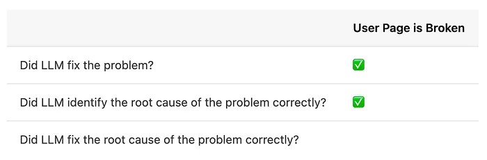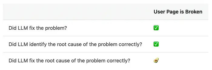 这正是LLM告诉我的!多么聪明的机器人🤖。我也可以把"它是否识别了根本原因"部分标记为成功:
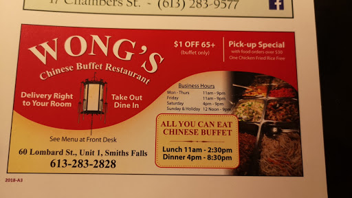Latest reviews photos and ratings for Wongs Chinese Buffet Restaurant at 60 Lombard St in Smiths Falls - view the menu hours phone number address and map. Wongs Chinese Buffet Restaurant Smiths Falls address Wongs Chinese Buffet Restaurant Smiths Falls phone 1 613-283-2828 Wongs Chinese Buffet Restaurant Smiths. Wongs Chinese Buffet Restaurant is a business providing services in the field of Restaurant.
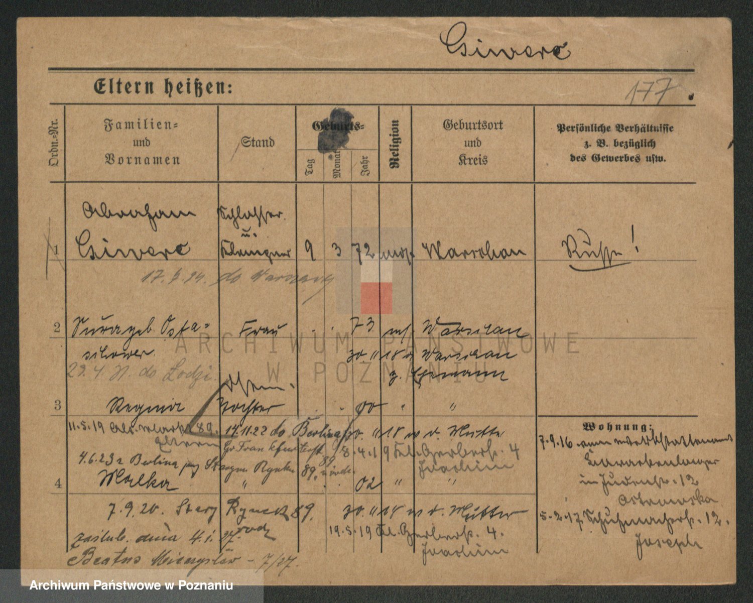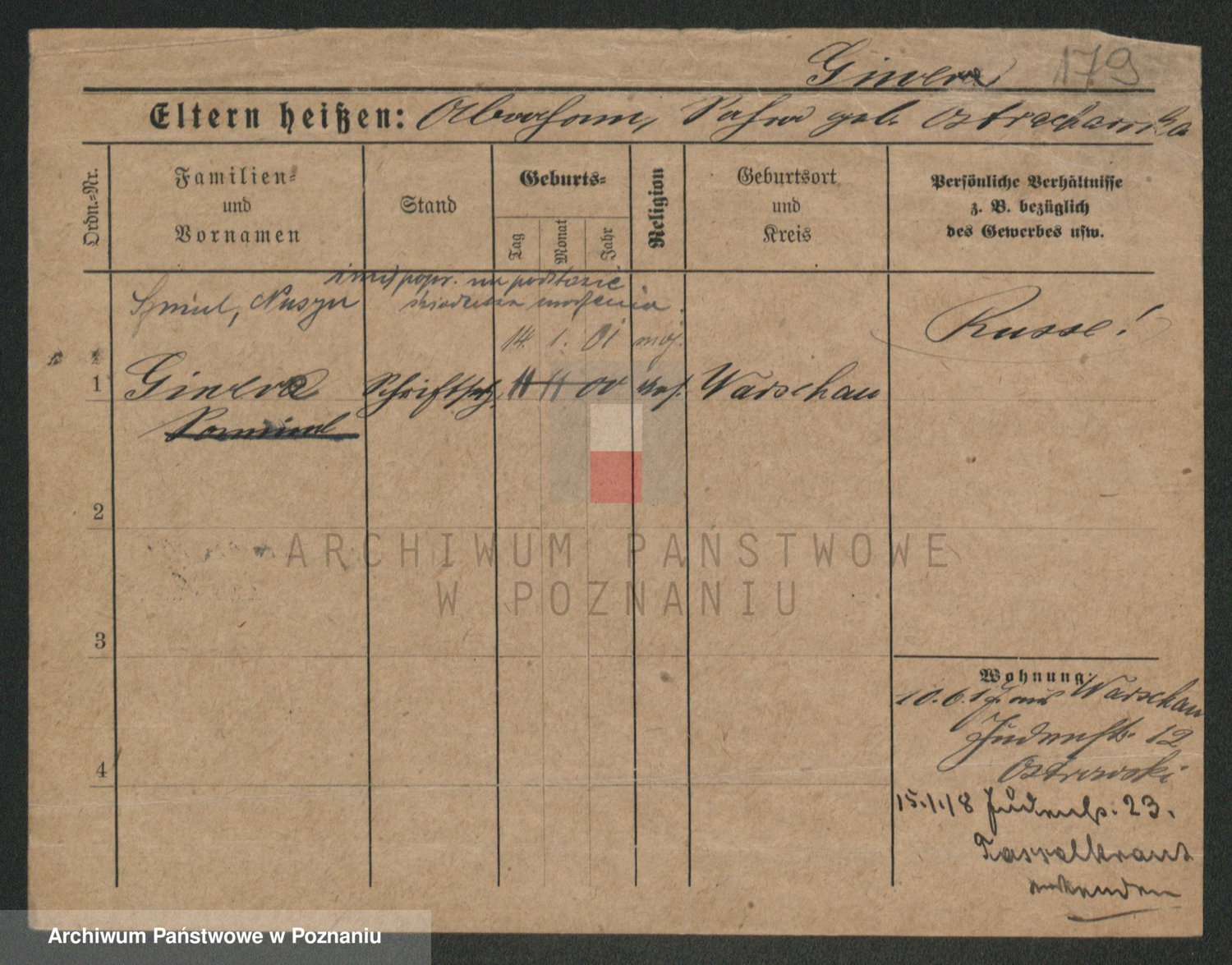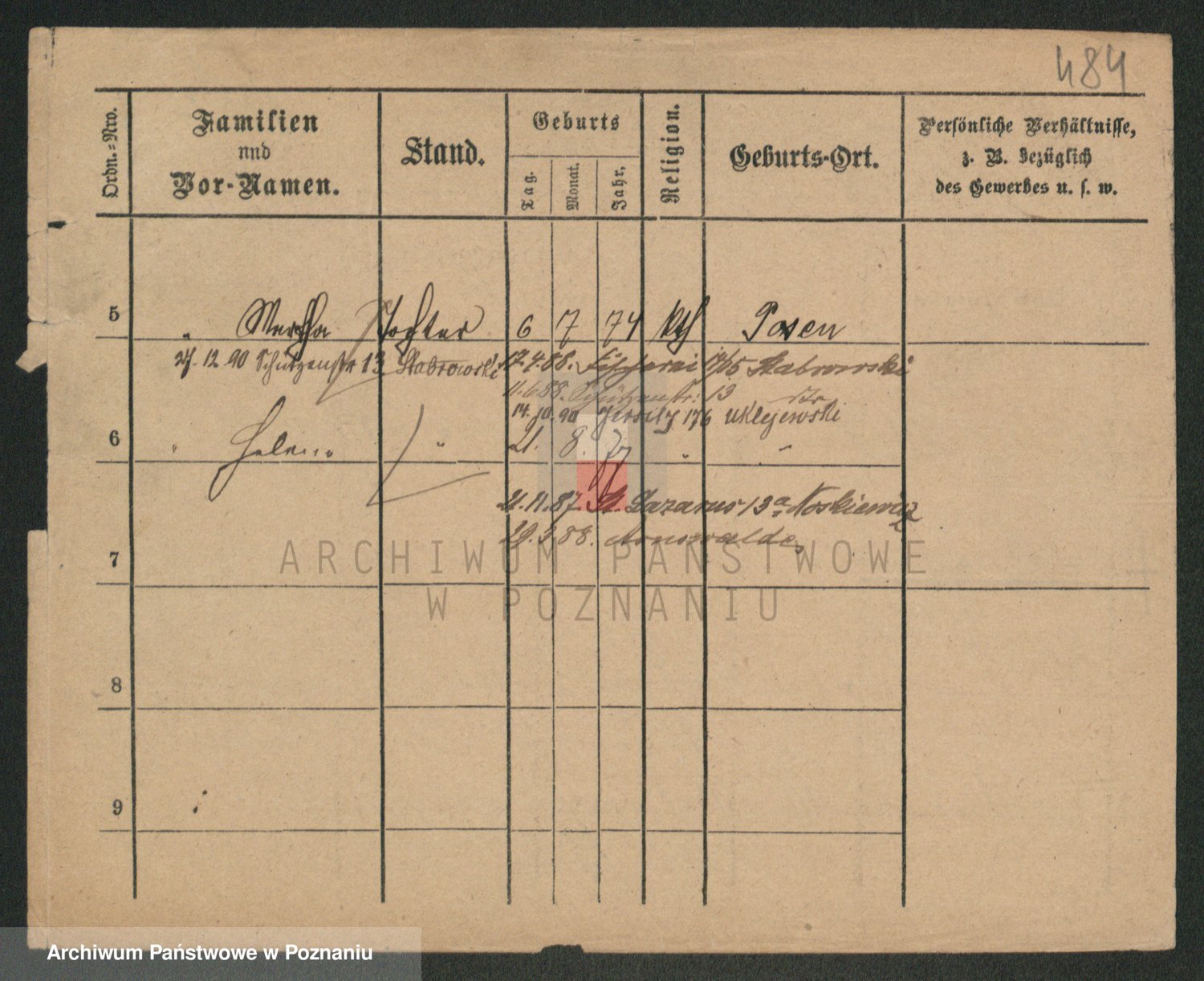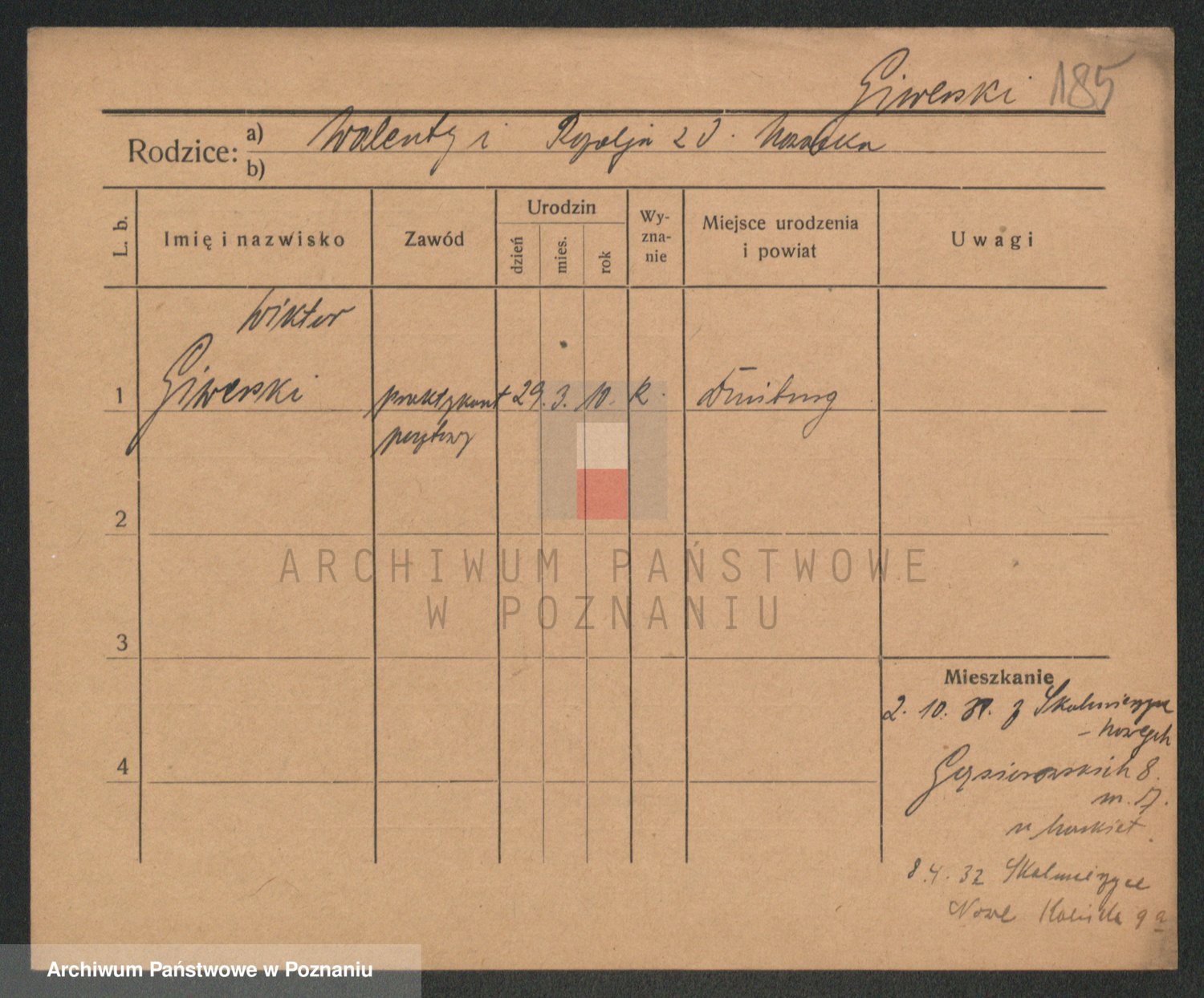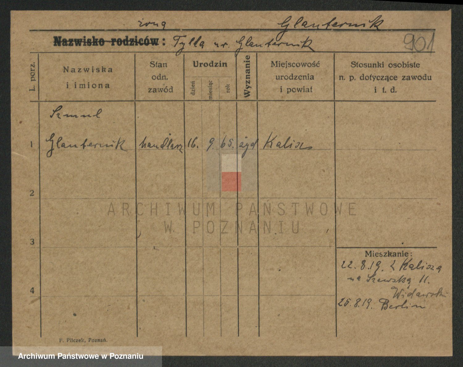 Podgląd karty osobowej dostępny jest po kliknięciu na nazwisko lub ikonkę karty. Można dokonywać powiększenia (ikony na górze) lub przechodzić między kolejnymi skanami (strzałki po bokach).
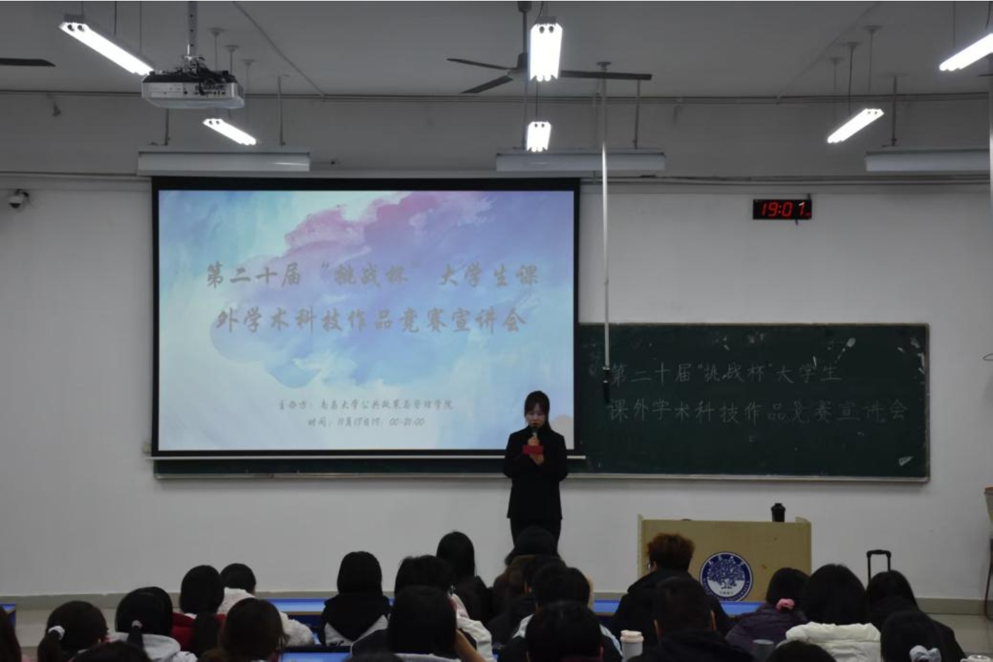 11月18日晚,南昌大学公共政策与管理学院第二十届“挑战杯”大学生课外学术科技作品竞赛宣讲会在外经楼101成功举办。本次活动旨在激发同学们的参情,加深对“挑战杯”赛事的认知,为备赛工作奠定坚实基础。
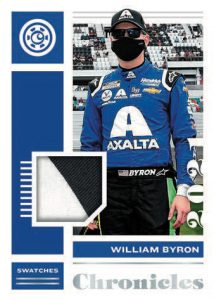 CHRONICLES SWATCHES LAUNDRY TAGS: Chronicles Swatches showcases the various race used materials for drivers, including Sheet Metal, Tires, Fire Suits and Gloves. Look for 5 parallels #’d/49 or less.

* AIM OF THE EXERCISE *
Retype all the material word for word while skipping any picture it contains.

* EXERCISE RESULT *
 这正是LLM告诉我的!多么聪明的机器人🤖。我也可以把"它是否识别了根本原因"部分标记为成功:
Latest reviews photos and ratings for Wongs Chinese Buffet Restaurant at 60 Lombard St in Smiths Falls - view the menu hours phone number address and map. Wongs Chinese Buffet Restaurant Smiths Falls address Wongs Chinese Buffet Restaurant Smiths Falls phone 1 613-283-2828 Wongs Chinese Buffet Restaurant Smiths. Wongs Chinese Buffet Restaurant is a business providing services in the field of Restaurant.
 Podgląd karty osobowej dostępny jest po kliknięciu na nazwisko lub ikonkę karty. Można dokonywać powiększenia (ikony na górze) lub przechodzić między kolejnymi skanami (strzałki po bokach).
 11月18日晚,南昌大学公共政策与管理学院第二十届“挑战杯”大学生课外学术科技作品竞赛宣讲会在外经楼101成功举办。本次活动旨在激发同学们的参情,加深对“挑战杯”赛事的认知,为备赛工作奠定坚实基础。
 CHRONICLES SWATCHES LAUNDRY TAGS: Chronicles Swatches showcases the various race used materials for drivers, including Sheet Metal, Tires, Fire Suits and Gloves. Look for 5 parallels #’d/49 or less.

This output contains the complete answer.